■ **Task to complete**:
Go through the listing beneath and show each line containing the string "gold".

■ **The records**:
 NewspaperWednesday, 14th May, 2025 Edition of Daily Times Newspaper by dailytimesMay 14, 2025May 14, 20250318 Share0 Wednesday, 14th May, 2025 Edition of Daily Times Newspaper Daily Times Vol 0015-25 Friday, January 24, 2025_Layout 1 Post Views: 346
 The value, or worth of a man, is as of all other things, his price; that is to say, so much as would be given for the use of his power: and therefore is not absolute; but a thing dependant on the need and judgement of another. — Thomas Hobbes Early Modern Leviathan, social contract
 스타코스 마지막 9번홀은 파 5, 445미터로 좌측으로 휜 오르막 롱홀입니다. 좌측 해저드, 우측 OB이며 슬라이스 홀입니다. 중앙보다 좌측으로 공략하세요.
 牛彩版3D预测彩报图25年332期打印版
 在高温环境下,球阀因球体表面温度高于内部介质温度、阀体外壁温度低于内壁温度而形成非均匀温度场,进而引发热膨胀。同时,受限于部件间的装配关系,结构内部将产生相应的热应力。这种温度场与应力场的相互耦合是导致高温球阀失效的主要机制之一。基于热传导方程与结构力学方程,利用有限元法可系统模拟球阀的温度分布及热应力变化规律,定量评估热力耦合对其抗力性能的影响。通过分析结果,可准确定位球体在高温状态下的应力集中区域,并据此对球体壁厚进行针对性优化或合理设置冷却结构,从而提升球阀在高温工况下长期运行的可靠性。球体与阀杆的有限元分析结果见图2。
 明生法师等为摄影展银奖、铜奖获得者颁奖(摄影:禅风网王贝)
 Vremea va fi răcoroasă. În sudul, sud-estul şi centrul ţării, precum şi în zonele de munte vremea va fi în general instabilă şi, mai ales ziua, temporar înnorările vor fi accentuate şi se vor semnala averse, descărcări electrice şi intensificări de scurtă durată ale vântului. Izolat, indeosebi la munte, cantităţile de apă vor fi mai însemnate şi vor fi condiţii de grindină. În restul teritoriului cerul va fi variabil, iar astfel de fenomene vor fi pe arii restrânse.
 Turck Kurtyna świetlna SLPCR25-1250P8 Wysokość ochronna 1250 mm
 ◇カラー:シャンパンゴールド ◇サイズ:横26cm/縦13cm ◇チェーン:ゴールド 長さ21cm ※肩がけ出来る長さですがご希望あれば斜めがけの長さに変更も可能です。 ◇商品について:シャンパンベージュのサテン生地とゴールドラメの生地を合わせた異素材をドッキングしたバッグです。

--

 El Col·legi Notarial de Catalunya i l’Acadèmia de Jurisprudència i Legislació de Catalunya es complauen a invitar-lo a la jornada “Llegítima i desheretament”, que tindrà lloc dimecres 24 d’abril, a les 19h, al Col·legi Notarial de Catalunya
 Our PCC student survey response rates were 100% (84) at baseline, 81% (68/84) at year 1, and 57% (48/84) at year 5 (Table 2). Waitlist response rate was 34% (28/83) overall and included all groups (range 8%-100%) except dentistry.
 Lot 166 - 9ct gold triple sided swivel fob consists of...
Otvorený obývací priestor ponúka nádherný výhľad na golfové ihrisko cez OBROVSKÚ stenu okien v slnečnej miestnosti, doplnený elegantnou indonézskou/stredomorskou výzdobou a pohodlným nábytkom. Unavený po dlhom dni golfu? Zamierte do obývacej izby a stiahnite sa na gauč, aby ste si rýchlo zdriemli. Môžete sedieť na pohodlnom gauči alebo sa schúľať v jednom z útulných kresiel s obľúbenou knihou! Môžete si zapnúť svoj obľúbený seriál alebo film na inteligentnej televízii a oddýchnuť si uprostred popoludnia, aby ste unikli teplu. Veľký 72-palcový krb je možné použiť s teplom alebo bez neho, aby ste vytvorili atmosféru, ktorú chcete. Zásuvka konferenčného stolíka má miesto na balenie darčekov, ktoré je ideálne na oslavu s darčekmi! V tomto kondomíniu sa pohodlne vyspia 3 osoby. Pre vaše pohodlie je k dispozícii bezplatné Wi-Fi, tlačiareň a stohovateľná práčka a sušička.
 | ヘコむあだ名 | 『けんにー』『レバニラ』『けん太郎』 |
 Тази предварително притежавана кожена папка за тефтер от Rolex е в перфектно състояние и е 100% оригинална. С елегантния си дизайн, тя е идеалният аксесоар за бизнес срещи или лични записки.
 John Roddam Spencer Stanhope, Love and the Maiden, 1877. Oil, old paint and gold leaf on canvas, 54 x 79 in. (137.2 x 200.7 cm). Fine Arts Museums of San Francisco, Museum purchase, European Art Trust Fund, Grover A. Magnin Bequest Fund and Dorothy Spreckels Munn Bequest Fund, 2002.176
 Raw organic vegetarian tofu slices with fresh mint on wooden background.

■ **Output of the task**:
 Lot 166 - 9ct gold triple sided swivel fob consists of...
 John Roddam Spencer Stanhope, Love and the Maiden, 1877. Oil, old paint and gold leaf on canvas, 54 x 79 in. (137.2 x 200.7 cm). Fine Arts Museums of San Francisco, Museum purchase, European Art Trust Fund, Grover A. Magnin Bequest Fund and Dorothy Spreckels Munn Bequest Fund, 2002.176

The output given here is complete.